INFORMATION: Begin

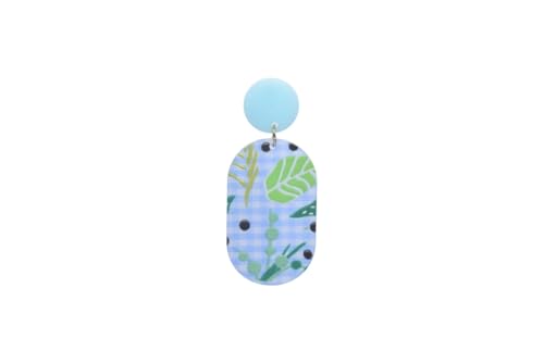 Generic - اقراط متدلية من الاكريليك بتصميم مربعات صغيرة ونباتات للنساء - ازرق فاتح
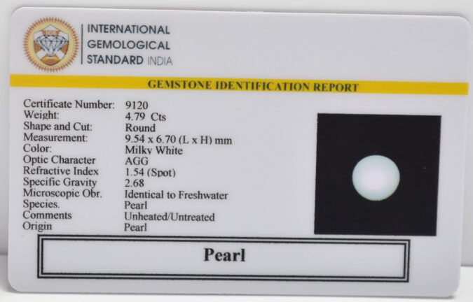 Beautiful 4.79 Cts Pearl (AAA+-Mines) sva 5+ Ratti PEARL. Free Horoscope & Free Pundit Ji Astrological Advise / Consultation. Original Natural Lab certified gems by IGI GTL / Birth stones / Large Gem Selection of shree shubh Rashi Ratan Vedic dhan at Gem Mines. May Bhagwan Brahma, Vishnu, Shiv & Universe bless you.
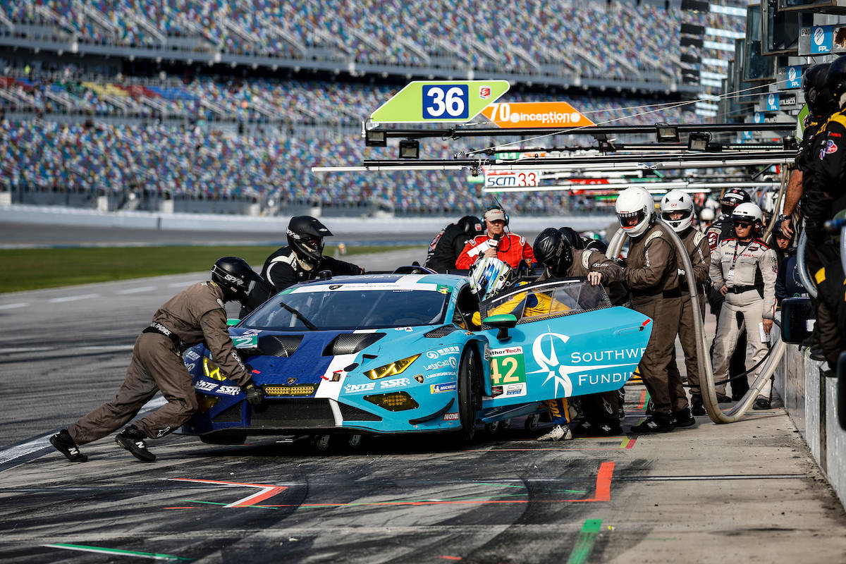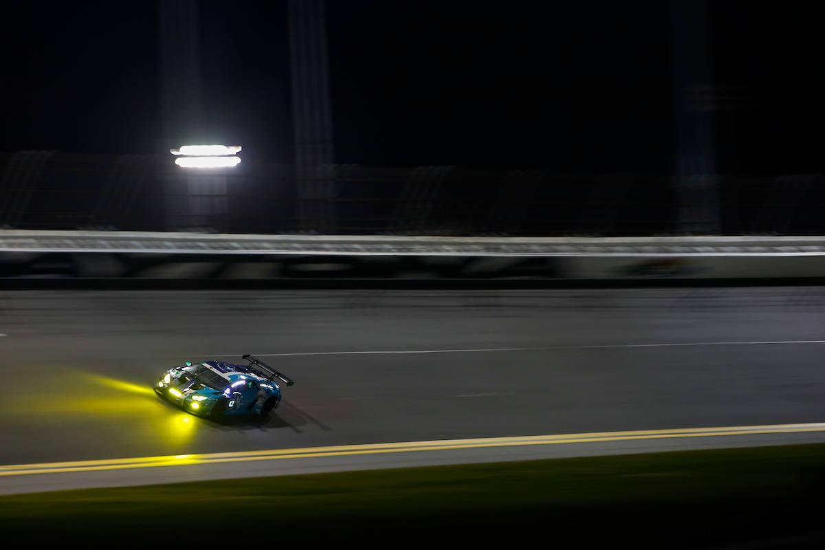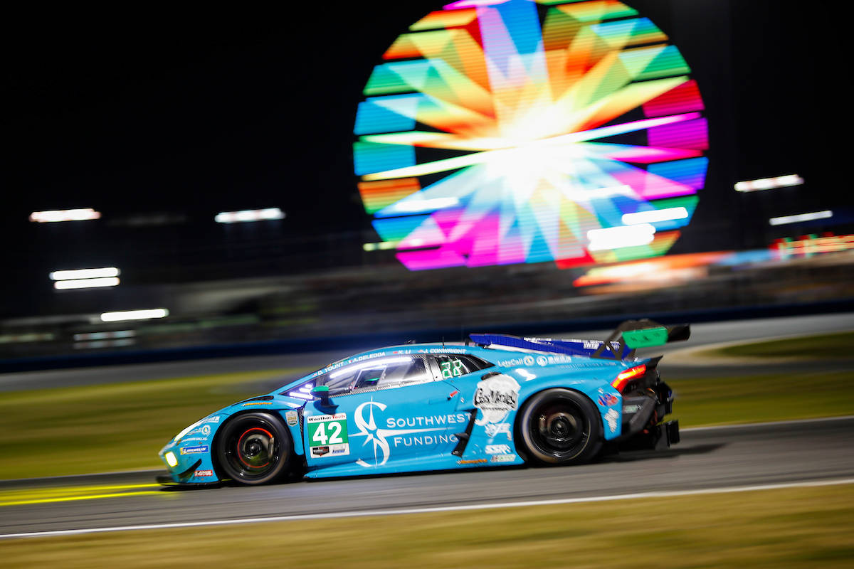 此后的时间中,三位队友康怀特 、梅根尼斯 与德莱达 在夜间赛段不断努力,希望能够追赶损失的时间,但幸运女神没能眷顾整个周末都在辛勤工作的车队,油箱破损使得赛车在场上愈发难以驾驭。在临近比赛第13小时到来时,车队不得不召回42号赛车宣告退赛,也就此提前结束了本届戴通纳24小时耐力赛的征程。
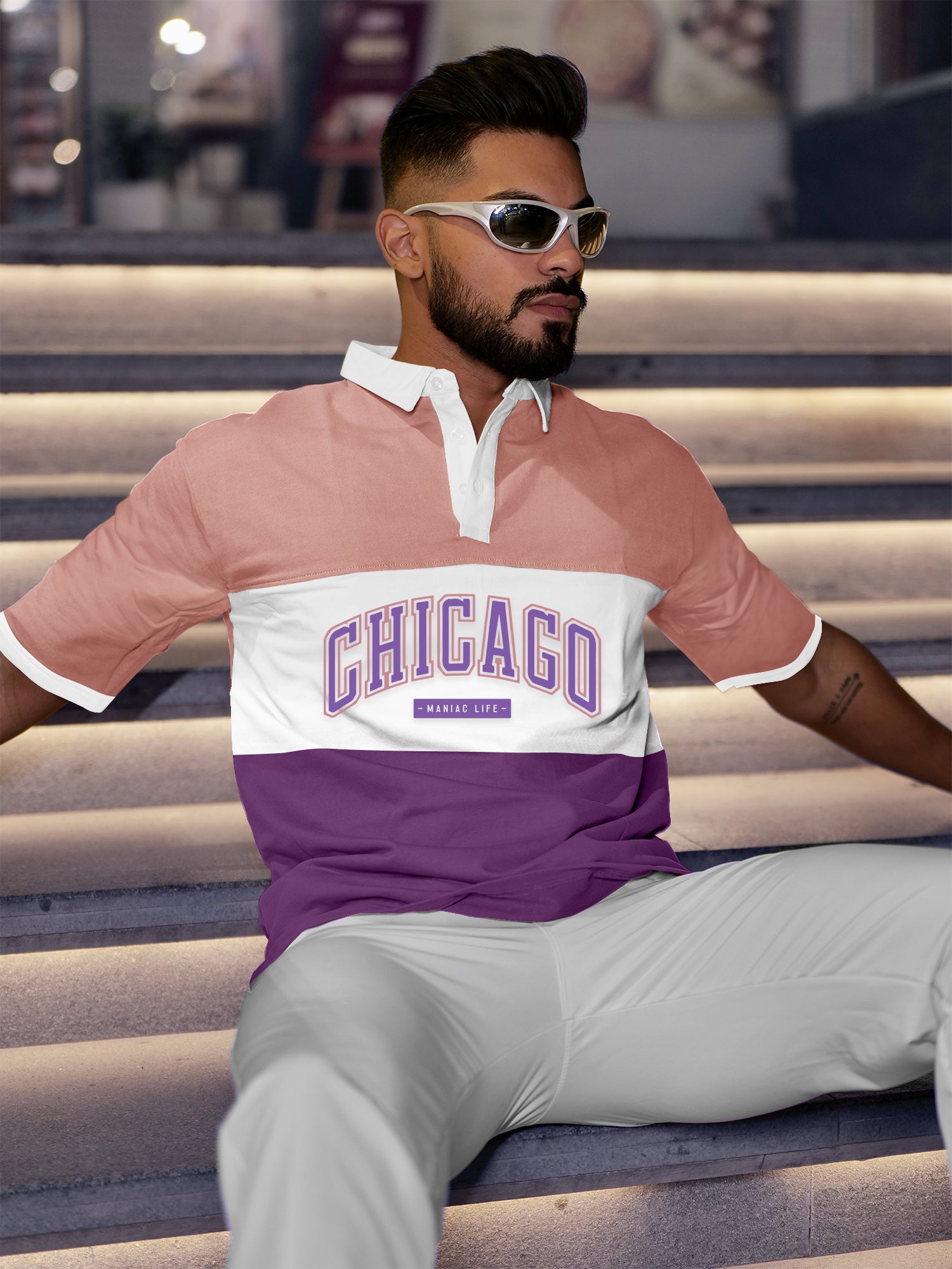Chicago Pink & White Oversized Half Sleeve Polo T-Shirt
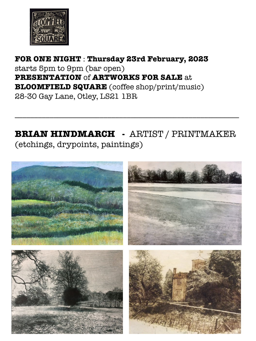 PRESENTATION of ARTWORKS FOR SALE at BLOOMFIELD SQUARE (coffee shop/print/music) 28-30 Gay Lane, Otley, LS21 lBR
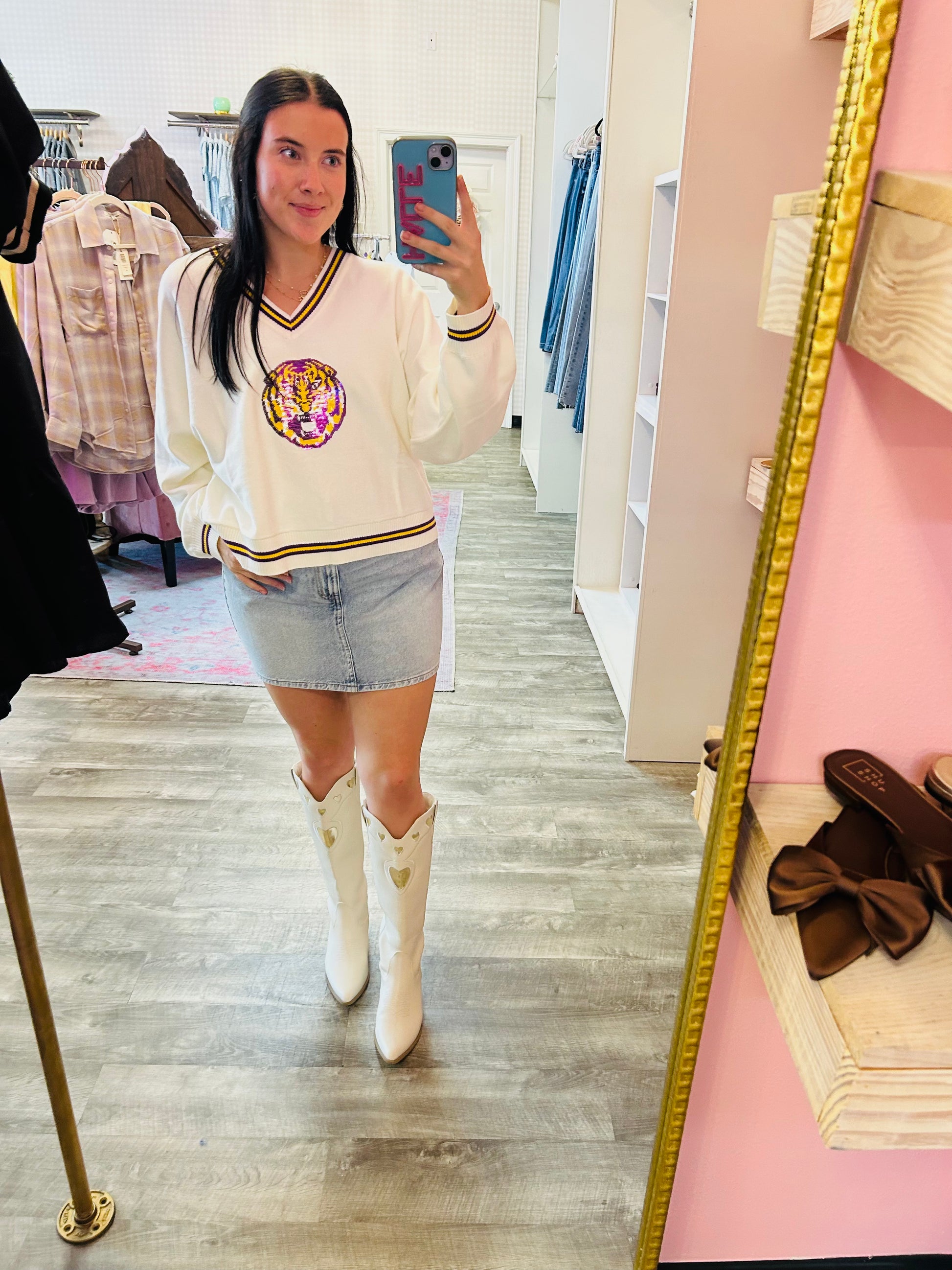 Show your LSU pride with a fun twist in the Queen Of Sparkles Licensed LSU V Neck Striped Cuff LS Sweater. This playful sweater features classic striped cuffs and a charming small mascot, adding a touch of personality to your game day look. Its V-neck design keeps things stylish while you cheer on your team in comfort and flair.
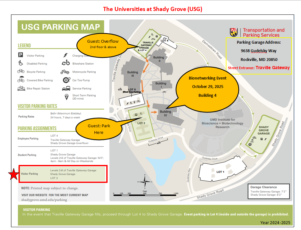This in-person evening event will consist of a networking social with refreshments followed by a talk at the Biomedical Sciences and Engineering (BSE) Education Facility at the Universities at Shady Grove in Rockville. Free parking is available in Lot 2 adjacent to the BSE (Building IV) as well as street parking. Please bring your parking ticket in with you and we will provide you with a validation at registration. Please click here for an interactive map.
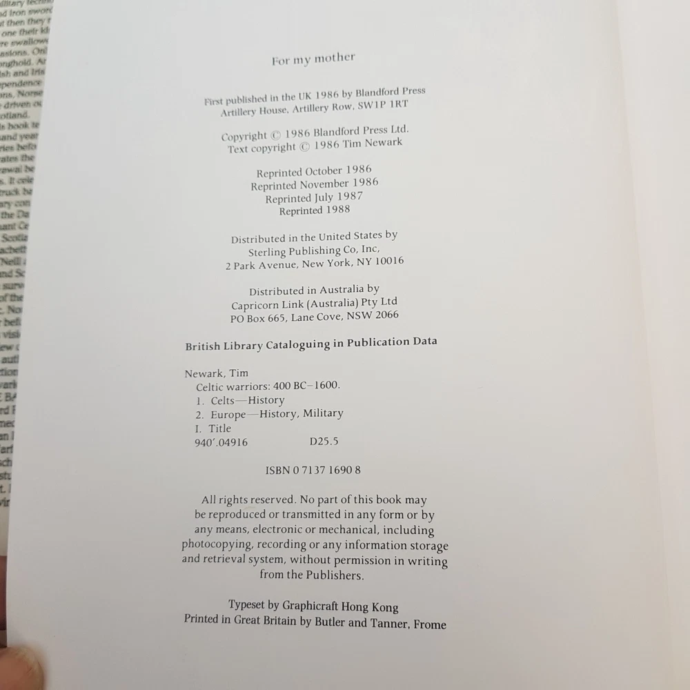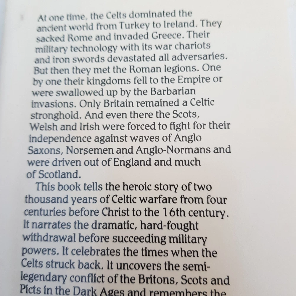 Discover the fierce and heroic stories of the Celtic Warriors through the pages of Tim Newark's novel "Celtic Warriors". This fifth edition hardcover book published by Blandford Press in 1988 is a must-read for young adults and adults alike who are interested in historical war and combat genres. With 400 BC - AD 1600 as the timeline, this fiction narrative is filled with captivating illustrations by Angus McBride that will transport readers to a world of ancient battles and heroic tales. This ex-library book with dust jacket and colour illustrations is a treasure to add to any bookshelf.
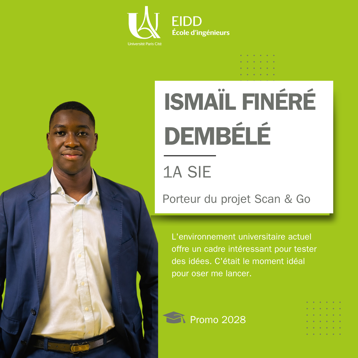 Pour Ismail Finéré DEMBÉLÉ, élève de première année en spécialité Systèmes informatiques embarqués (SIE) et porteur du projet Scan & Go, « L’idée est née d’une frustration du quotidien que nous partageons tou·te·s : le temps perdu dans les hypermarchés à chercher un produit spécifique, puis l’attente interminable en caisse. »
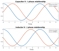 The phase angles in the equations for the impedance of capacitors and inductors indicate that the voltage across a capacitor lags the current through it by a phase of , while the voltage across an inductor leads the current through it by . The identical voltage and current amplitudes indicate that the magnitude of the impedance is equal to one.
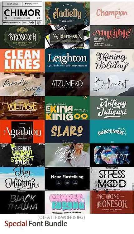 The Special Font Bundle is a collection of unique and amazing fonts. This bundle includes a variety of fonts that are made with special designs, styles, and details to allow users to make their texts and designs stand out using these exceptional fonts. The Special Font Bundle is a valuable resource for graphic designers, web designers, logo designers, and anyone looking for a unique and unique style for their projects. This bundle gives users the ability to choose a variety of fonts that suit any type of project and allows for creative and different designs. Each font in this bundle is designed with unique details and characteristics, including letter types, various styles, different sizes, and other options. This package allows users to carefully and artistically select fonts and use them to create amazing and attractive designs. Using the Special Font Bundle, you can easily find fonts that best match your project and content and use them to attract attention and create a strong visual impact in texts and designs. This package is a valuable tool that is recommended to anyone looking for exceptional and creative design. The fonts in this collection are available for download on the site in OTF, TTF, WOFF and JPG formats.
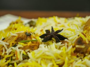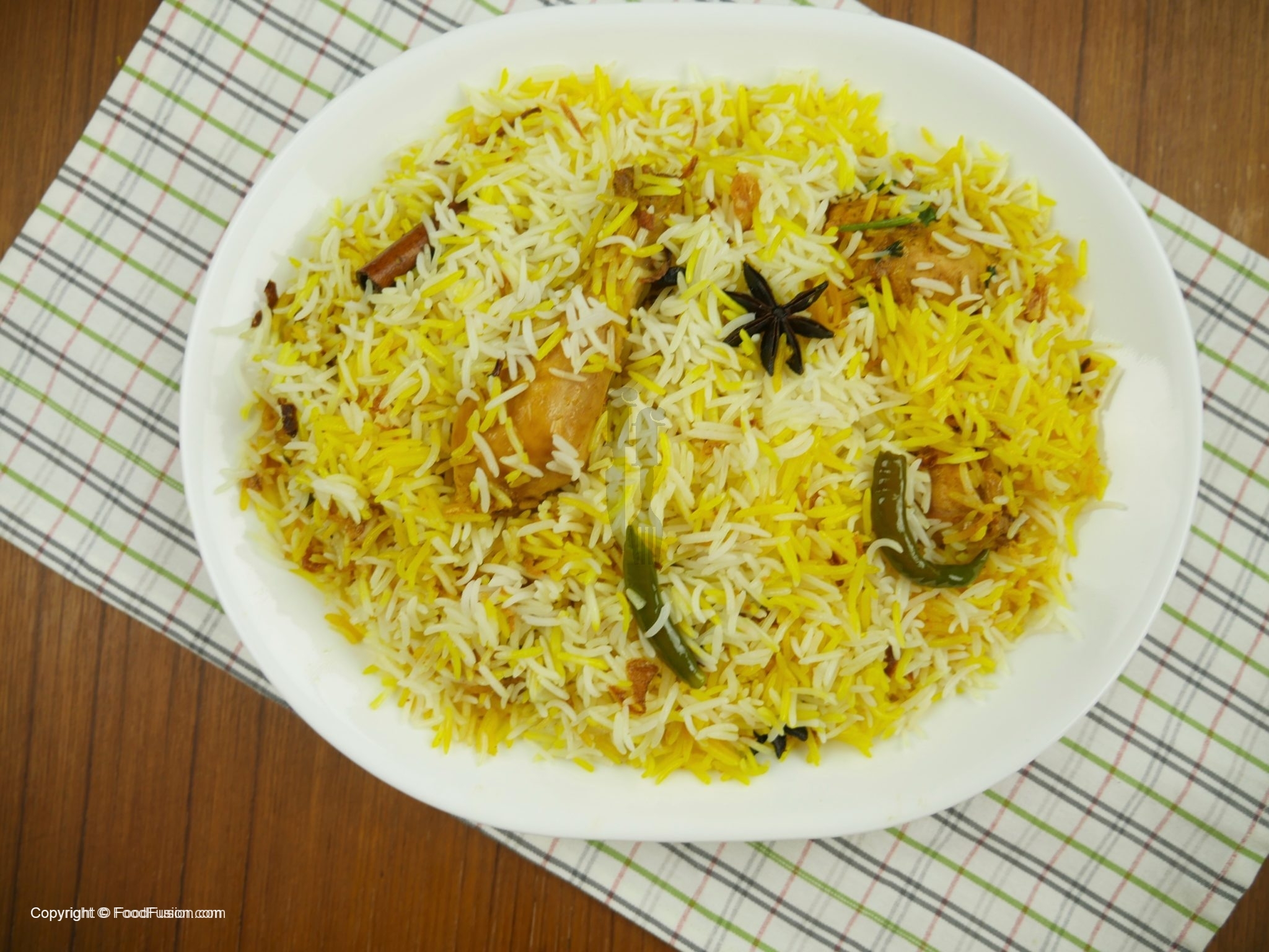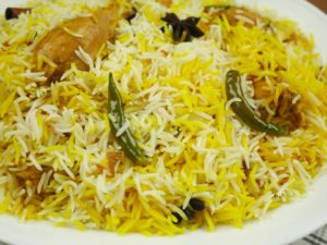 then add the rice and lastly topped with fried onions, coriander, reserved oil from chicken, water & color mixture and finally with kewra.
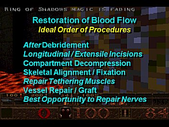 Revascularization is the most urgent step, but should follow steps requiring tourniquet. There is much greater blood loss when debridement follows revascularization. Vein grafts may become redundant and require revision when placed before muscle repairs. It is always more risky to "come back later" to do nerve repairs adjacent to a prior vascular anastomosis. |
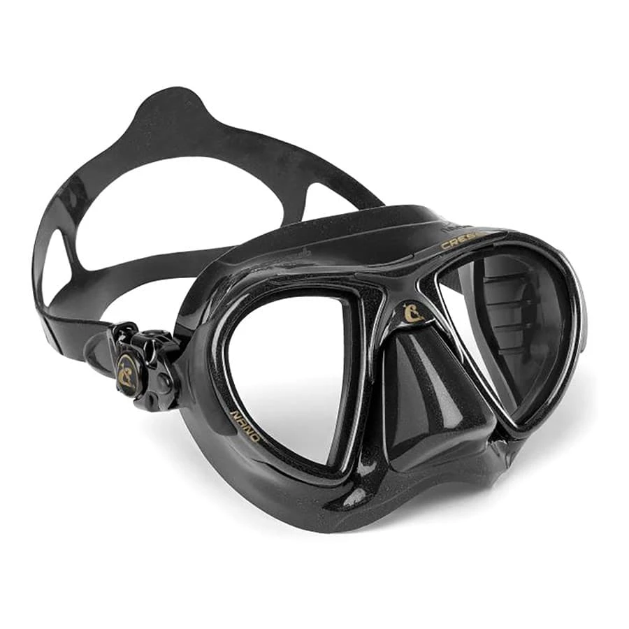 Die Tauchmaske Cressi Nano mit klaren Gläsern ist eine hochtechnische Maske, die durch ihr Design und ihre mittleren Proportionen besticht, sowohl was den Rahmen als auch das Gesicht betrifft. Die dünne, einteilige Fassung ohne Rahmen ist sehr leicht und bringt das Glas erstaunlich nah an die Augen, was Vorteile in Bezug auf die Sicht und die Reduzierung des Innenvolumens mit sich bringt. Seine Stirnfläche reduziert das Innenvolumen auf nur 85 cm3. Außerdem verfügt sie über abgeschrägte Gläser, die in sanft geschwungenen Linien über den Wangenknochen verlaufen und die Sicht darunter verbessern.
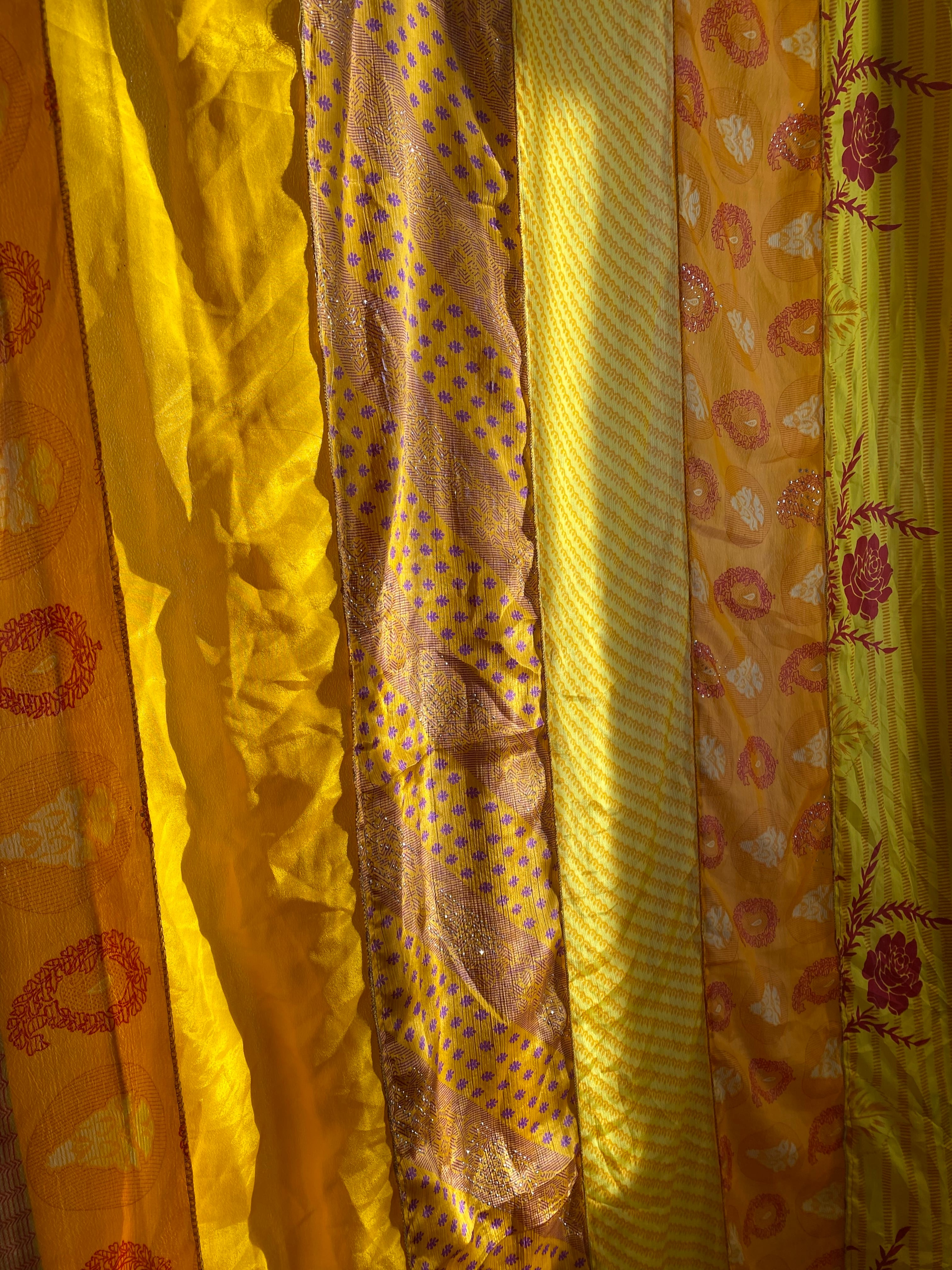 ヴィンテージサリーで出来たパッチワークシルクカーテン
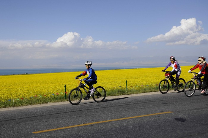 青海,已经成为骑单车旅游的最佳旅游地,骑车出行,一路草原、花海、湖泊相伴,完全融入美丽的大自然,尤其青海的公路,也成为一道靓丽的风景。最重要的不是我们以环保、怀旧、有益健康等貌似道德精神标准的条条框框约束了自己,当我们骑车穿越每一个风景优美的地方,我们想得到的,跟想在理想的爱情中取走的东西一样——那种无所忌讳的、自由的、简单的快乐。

INFORMATION: End

*WHAT THE TASK REQUIRES*: Please output the lines of the records above from the one with "Revascularization is the" through the last, exactly as they appear and with both ends included; skip any pictures and add nothing.

*SOLUTION TO THIS PROBLEM*:
 Revascularization is the most urgent step, but should follow steps requiring tourniquet. There is much greater blood loss when debridement follows revascularization. Vein grafts may become redundant and require revision when placed before muscle repairs. It is always more risky to "come back later" to do nerve repairs adjacent to a prior vascular anastomosis. |
 Die Tauchmaske Cressi Nano mit klaren Gläsern ist eine hochtechnische Maske, die durch ihr Design und ihre mittleren Proportionen besticht, sowohl was den Rahmen als auch das Gesicht betrifft. Die dünne, einteilige Fassung ohne Rahmen ist sehr leicht und bringt das Glas erstaunlich nah an die Augen, was Vorteile in Bezug auf die Sicht und die Reduzierung des Innenvolumens mit sich bringt. Seine Stirnfläche reduziert das Innenvolumen auf nur 85 cm3. Außerdem verfügt sie über abgeschrägte Gläser, die in sanft geschwungenen Linien über den Wangenknochen verlaufen und die Sicht darunter verbessern.
 ヴィンテージサリーで出来たパッチワークシルクカーテン
 青海,已经成为骑单车旅游的最佳旅游地,骑车出行,一路草原、花海、湖泊相伴,完全融入美丽的大自然,尤其青海的公路,也成为一道靓丽的风景。最重要的不是我们以环保、怀旧、有益健康等貌似道德精神标准的条条框框约束了自己,当我们骑车穿越每一个风景优美的地方,我们想得到的,跟想在理想的爱情中取走的东西一样——那种无所忌讳的、自由的、简单的快乐。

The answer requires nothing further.